Roberto Salvatore Cani (born 17 October 1967) is an Italian violinist.

Roberto Cani was a prizewinner in the Paganini (Genoa, 1990), Jeunesses Musicales (Belgrade, 1991), and Courcillon (France, 1991) International Competitions.

He also won honours in the Tchaikovsky International Competition (Moscow, 1994).

Biography

Roberto Cani was born in Milan, Italy.  His parents are both of Sicilian descent.  He has an older sister, Silvana, and a younger sister, Sandra.  He currently resides in Los Angeles, California.

Education

Roberto Cani began his studies on the violin at the age of seven.  He attended the Milan Conservatory of Music in Milan, where he was awarded the Minetti Prize in 1986.  He also attended the Gnessin Institute of Music in Moscow, and the University of Southern California Thornton School of Music in Los Angeles.  He has studied with Miroslav Roussin, Zinaida Gilels, Pavel Vernikov, Viktor Tretiakov, Abraham Stern, and Alice Schoenfeld.

Career

Roberto Cani made his debut at Gaveau Hall in Paris under direction of maestro Daniele Gatti on 16 January 1987.  He has concertized in his native Italy, Russia, Poland, Croatia, Germany, Austria, Belgium, Spain, Serbia, France, Taiwan, Japan, and South Africa.  He has performed with La Scala Orchestra under Riccardo Muti, Bolgograd Symphony Orchestra, Moscow Symphony Orchestra, RAI Symphony Orchestra, Haydn Orchestra, Orchestra Cantelli, Missouri Chamber Orchestra, Central Symphony Orchestra of Oregon, and the Italian Consort.  He has played in venues such as Los Angeles's Royce Hall, Moscow's Bolshoi Zal and Tchaikovsky Zal, Belgrade's Lisinski Hall, Bristol's St. Georges - Brandon Hill, Tokyo's Suntory Hall and Milan's La Scala.

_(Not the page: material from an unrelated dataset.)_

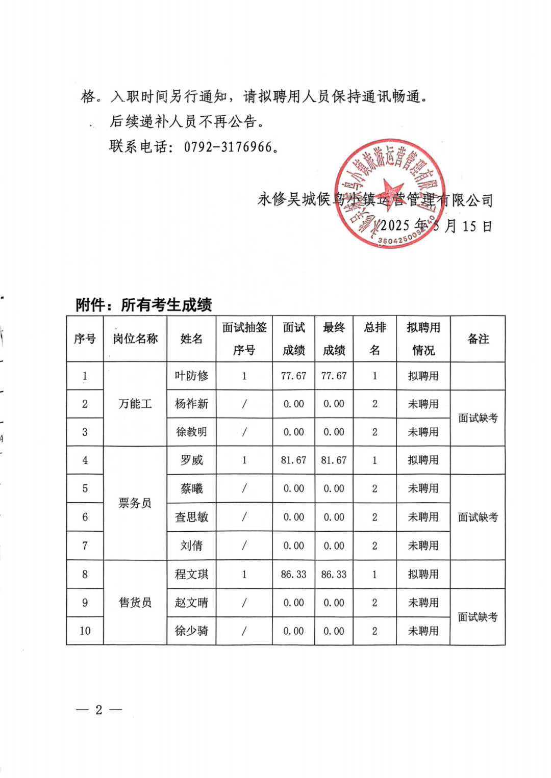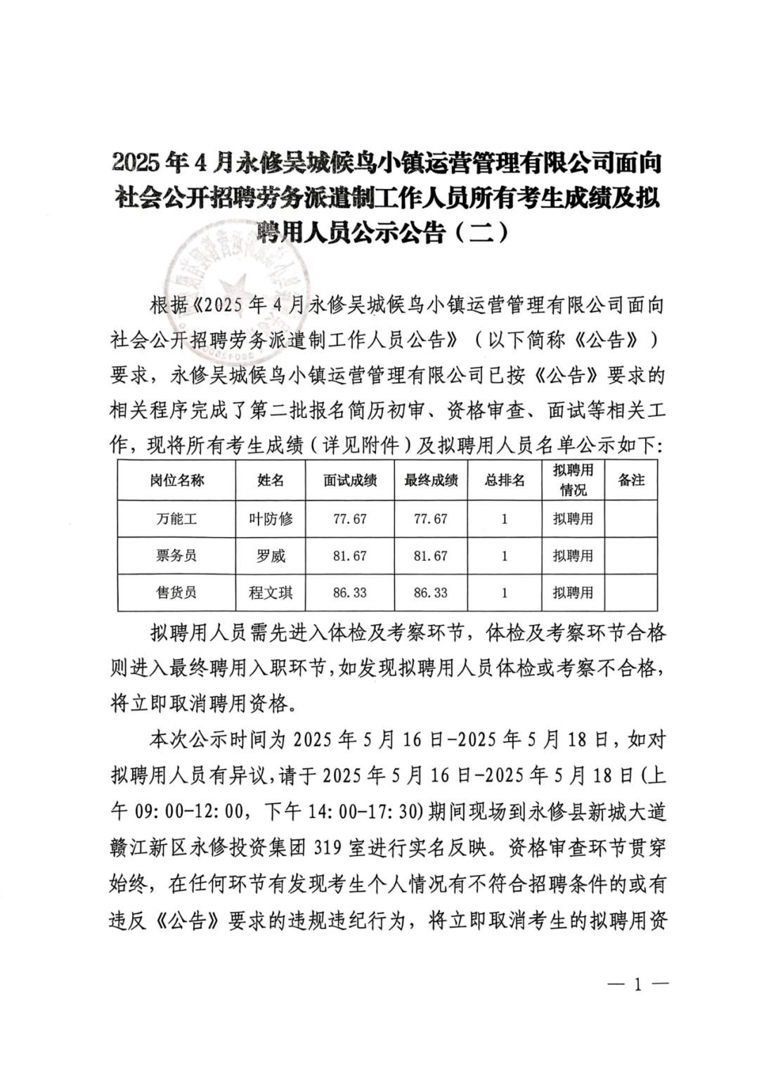标签: 永修吴城候鸟小镇 招聘劳务派遣 公示公告 成绩查询 拟聘用人员

In addition, Roberto Cani has collaborated with world-class artists such as Massimo Quarta, Enrico Dindo, Andrew Shulman, Jeffrey Swann, Lynn Harrell and Justus Frantz.

Roberto Cani plays on a 1735 Giuseppe Guarneri del Gesù ex Baron Knoop on generous loan from the ProCanale Foundation in Italy.

Recordings

Roberto Cani has recorded for Agora and Arkadia labels.

Sonatas for Solo Violin:  Bartok, Ysaye, Prokofiev, Bloch,  Agora(1996)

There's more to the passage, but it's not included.